Over the course of seven months, PWAP artists created nearly 16,000 works. But the program's influence stretched far beyond the walls of courthouses and post offices. Several dozen PWAP pieces went on to be displayed in the White House, and many others made their way to the offices of senators and cabinet members. And as part of the Civil Works Administration - a New Deal program that paid workers to build roads, playgrounds and schools - PWAP stressed that art is a valuable type of infrastructure in a modern democracy. This idea would form the foundation of future New Deal initiatives such as the Works Progress Administration's Federal Art Project, which helped launch the careers of key Abstract Expressionists such as Jackson Pollock and Mark Rothko.
Says Wagner: "Without PWAP, America could have lost a generation of artists, what turned out to be one of the greatest generations of American artists."
Depression-era dreams at Cinematheque
Though food and money were scarce in 1934, life didn't stand still. Quite the contrary, says UW Cinematheque's Jim Healy, who organized a "New Deal Cinema" series to complement the Chazen's art from the era.
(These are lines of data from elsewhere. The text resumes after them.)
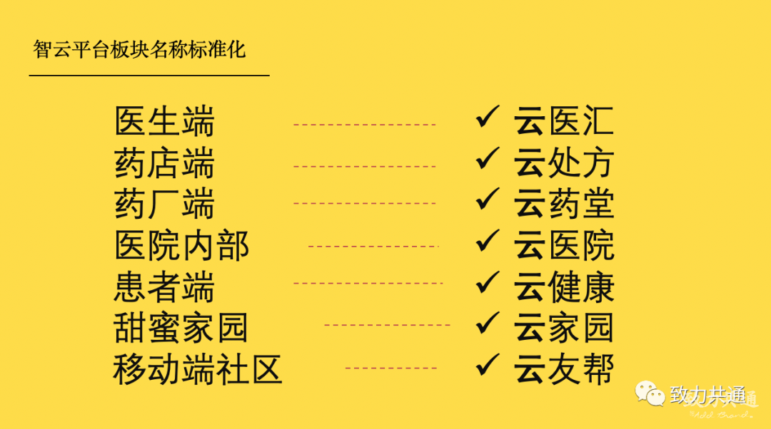 以品牌名稱中的“云”來貫徹,對(duì)智云平臺(tái)旗下的七大業(yè)務(wù)版塊,進(jìn)行規(guī)范化重新命名,使各業(yè)務(wù)模塊概念統(tǒng)一化、體系化。
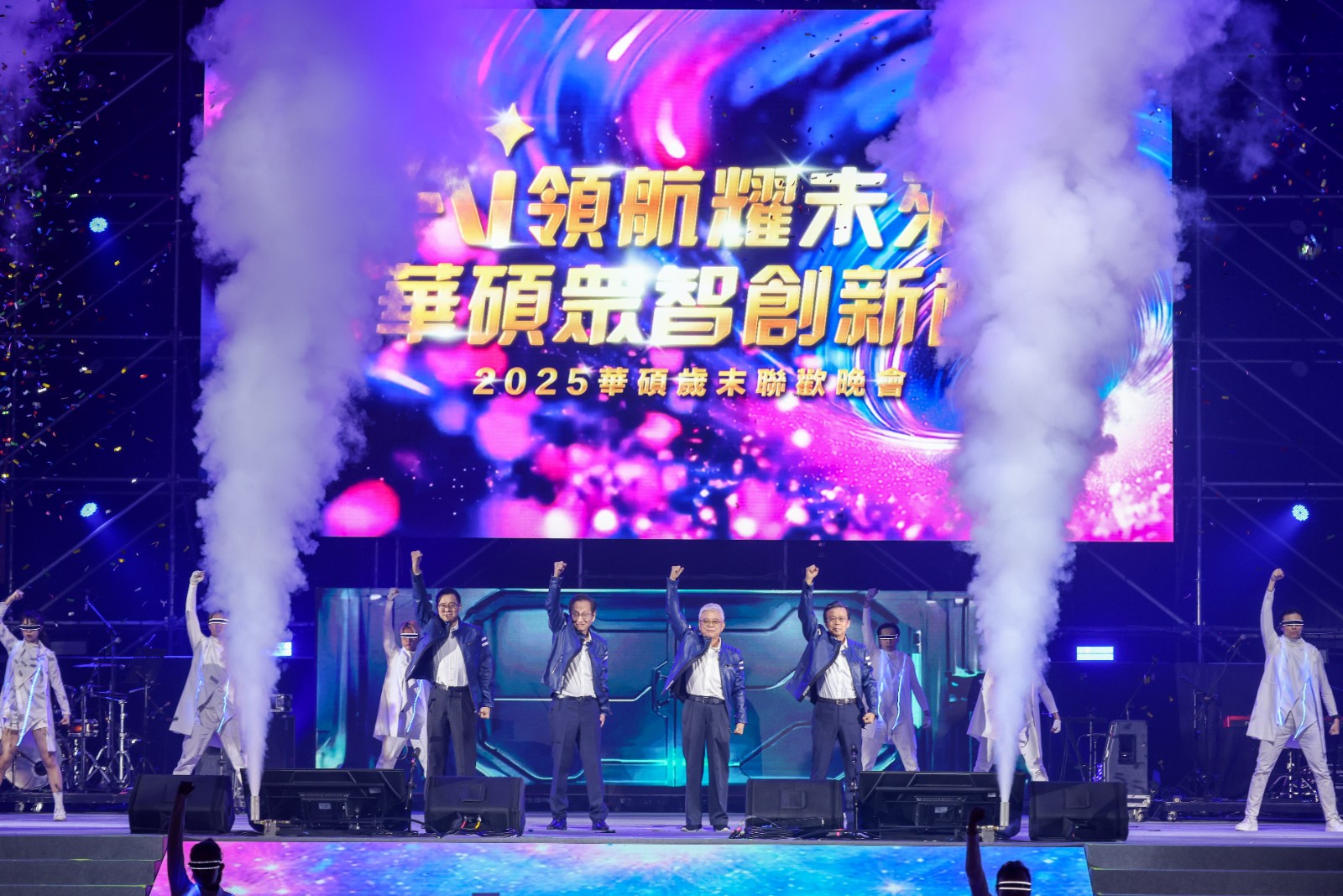 今年華碩尾牙晚宴由黃豪平、蔡尚樺擔綱主持,開場表演透過震撼的科技特效,將舞台化為「華碩艦隊」,帶領全場航向浩瀚無垠的 AI 宇宙。
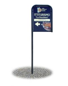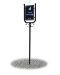 Tafel für dekorierte Stadtmöbel. Aushangfläche: L.40 x H.25 cm. Gesamthöhe: 300 cm. Hergestellt in Italien.

Instead of choosing films about New Deal policies, Healy decided to project Depression-era fantasies on the Chazen's big screen. Upcoming screenings include The President Vanishes, William A. Wellman's ensemble drama about a president who stages his own kidnapping (March 14); Fashions of 1934, a musical comedy starring William Powell and Bette Davis (April 4); and King of the Hill, Steven Soderbergh's adaptation of A.E. Hotchner's coming-of-age memoir (April 25).
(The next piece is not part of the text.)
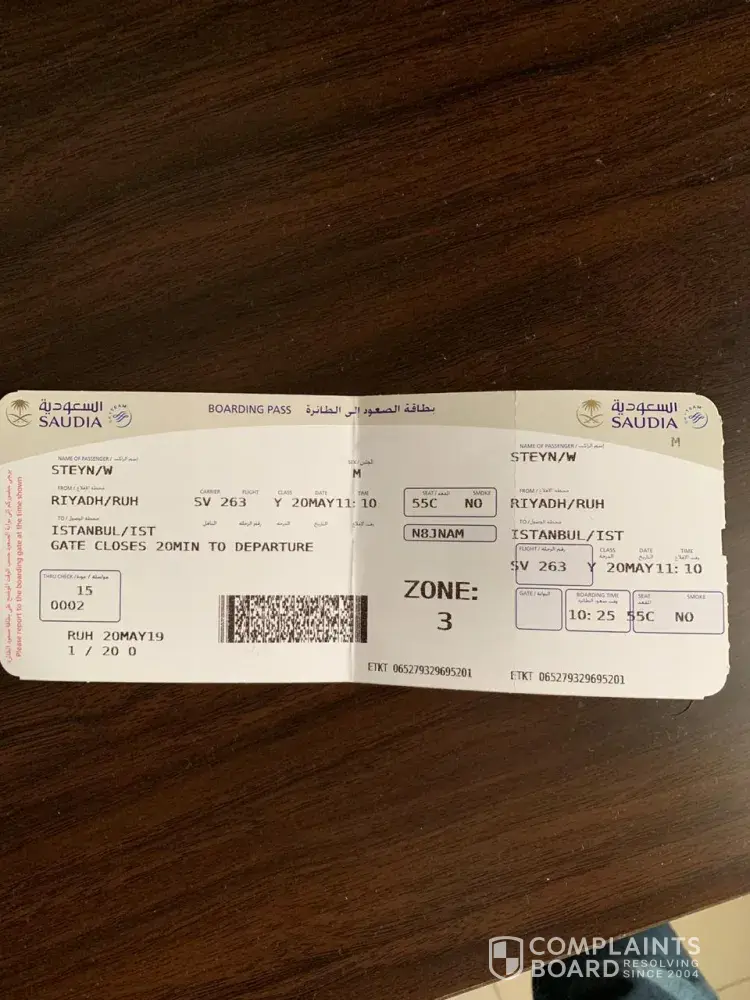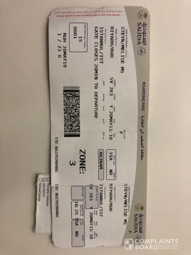 My son and daughter in law (Willem Hendrik Hermanus Steyn and Melise Steyn) came to visit my husband and I in Riyadh en route to Istanbul. Their flight (SV 263) was supposed to depart from Riyadh airport at 11.15 on 20 May. On the information board it was indicated that the departing gate was 23. They stood in the queue, and waited a long time for the gate to open. They checked the information screen several times, but the gate remained 23, so they waited. When they finally had to submit their boarding passes (see attached), they were informed that the gate changed to 25 and that the flight has already left. When inquiring who could assist them, they were told to go to Saudi airlines' head office in Riyadh to file a complaint and to see whether they can be refunded.
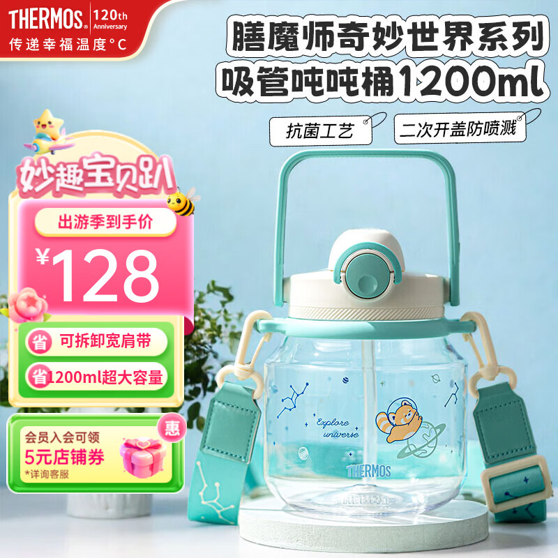 旗舰店膳魔师吨吨桶大容量大肚杯儿童水杯大肚吸管杯直饮杯户外喝水杯子冷水壶 奇妙世界系列1200ml绿色

"Even though these are fantasies, they reflect a lot of the worries and interests of Depression-era America," Healy says.
He notes that 1931-1934 is one of his favorite periods in film history because movies were filled with life, not regulations.
"Early 1934 had the last flare-out of creative freedom before Hollywood started enforcing the production code," he explains.
Healy says the shift from silent films to talkies also erased some limitations.
"Glamour was less important in 1934 than in the silent era. It wasn't just about what your face could project. It was also about physicality and your voice," he says. "William Powell and Bette Davis were offbeat looking, but you can't beat them for charisma."
The series' one contemporary film, 1993's King of the Hill, is perhaps the most poignant. A 12-year-old boy must fend for himself when his ill mother is sent to a sanitarium and his father accepts a job as a traveling salesman on the brink of 1934. Using his imagination as a guide, he seeks out work and friendships while facing grim realities such as illness and starvation.
"It's about this who kid creates wild stories about himself and how his experience of the Depression leads him to be this way," Healy says. "It's also about the creation of a present-day writer."